User Manual

Comprehensive guide for students, teachers, and administrators.
Press F1 for Help

Technical Requirements

High-quality audio recording is essential for accurate vowel analysis. Please review these settings before starting.

Recommended Browsers

  • Google Chrome (Desktop/Android): Best Choice. Most stable Web Audio API support.
  • Microsoft Edge: Excellent alternative.
  • Firefox: Fully supported.
  • AVOID: Opera Mini, UC Browser, and In-App Browsers (Facebook/Line/Instagram).

Audio Modes & Environment

High Fidelity Mode (Recommended)

By default, the app uses High Fidelity Mode. This captures your raw voice without any artificial enhancement. This is critical for accurate analysis but comes with a requirement:

Quiet Room Required: Because noise suppression is disabled, the system will hear fans, AC units, and background chatter. Please ensure you are in a silent environment.

Critical Settings: Disable "Data Savers"

Important

"Data Saver", "Turbo Mode", or "Lite Mode" features route traffic through proxy servers. This blocks the microphone or compresses audio, making analysis impossible.

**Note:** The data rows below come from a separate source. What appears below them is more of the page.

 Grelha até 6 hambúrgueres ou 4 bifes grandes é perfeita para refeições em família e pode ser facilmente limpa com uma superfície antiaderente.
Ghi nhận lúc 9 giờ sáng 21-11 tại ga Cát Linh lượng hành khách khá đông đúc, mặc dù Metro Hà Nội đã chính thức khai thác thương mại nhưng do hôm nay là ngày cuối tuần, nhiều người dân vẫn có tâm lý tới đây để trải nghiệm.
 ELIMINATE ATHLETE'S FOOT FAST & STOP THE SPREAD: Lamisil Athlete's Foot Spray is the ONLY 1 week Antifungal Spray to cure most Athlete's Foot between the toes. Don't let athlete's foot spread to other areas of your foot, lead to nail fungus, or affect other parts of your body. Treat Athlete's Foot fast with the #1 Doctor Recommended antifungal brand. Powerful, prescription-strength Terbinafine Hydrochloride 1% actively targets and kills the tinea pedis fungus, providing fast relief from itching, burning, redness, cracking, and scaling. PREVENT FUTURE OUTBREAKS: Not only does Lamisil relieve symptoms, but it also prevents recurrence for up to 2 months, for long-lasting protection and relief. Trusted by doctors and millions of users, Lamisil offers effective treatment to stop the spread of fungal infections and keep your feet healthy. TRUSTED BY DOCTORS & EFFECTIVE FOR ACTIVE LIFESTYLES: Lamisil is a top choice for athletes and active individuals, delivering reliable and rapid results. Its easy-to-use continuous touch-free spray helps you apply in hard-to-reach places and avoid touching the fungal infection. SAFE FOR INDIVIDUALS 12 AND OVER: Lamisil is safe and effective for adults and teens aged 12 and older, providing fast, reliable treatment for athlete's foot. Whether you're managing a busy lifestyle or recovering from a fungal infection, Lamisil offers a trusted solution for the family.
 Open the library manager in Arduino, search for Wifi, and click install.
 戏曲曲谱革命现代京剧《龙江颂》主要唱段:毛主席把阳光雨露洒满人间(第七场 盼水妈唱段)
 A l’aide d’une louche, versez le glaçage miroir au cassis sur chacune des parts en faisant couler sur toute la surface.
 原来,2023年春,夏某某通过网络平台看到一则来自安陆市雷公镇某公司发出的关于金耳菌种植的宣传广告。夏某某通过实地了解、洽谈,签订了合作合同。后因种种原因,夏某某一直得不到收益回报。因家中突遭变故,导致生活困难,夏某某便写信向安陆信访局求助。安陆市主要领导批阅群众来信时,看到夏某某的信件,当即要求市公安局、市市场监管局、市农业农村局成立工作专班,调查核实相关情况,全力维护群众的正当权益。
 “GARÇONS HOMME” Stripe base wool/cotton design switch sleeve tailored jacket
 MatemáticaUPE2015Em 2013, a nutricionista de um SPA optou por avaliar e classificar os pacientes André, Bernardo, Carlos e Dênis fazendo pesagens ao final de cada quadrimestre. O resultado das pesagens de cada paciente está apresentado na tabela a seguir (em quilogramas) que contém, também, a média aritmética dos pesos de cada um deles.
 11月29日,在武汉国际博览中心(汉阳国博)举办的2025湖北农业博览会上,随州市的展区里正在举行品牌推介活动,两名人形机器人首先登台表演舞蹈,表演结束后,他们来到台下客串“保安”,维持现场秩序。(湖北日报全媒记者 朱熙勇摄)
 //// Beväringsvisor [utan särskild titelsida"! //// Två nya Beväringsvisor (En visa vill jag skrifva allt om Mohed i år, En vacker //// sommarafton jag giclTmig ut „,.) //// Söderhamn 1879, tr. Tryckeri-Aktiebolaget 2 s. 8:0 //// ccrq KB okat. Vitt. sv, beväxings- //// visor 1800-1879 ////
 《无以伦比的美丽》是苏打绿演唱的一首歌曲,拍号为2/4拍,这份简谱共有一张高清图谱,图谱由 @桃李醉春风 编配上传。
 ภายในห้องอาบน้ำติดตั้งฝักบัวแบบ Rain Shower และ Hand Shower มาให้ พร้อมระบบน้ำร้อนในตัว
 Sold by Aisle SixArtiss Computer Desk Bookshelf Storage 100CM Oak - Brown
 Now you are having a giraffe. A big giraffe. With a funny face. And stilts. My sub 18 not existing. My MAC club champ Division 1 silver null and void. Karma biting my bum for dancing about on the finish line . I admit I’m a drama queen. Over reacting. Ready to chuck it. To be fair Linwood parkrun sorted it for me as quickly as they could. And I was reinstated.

  • Chrome (Android): Go to Settings > Lite Mode (if available) > Select OFF.
  • Opera Mobile / Mini: Go to Settings > Data Saver > Select OFF.
  • Android System: Ensure Settings > Network & Internet > Data Saver is OFF in system network settings.

Hardware Recommendation

Wired Headset

Best consistency (44.1kHz/48kHz). No connection drops.

Bluetooth/AirPods

Often drops to "Hands-Free" quality (8kHz), which is too low for accurate analysis.


Registration & Access

The system distinguishes between Students and Teachers during the registration process.

For Students

  • Go to the Register page.
  • Fill in your Username, First/Last Name, and Password.
  • Required: Enter your exact 10-digit Student ID.
  • Leave the "Invite Code" field blank.
  • Check the consent box and submit.

For Teachers

  • Obtain an Invite Code from a system administrator.
  • Go to the Register page.
  • Fill in your Username, First/Last Name, and Password.
  • Enter the code in the "Invite Code" field.
  • Note: When a valid code is detected, the "Student ID" requirement is automatically removed.
  • Submit the form to create your Instructor account.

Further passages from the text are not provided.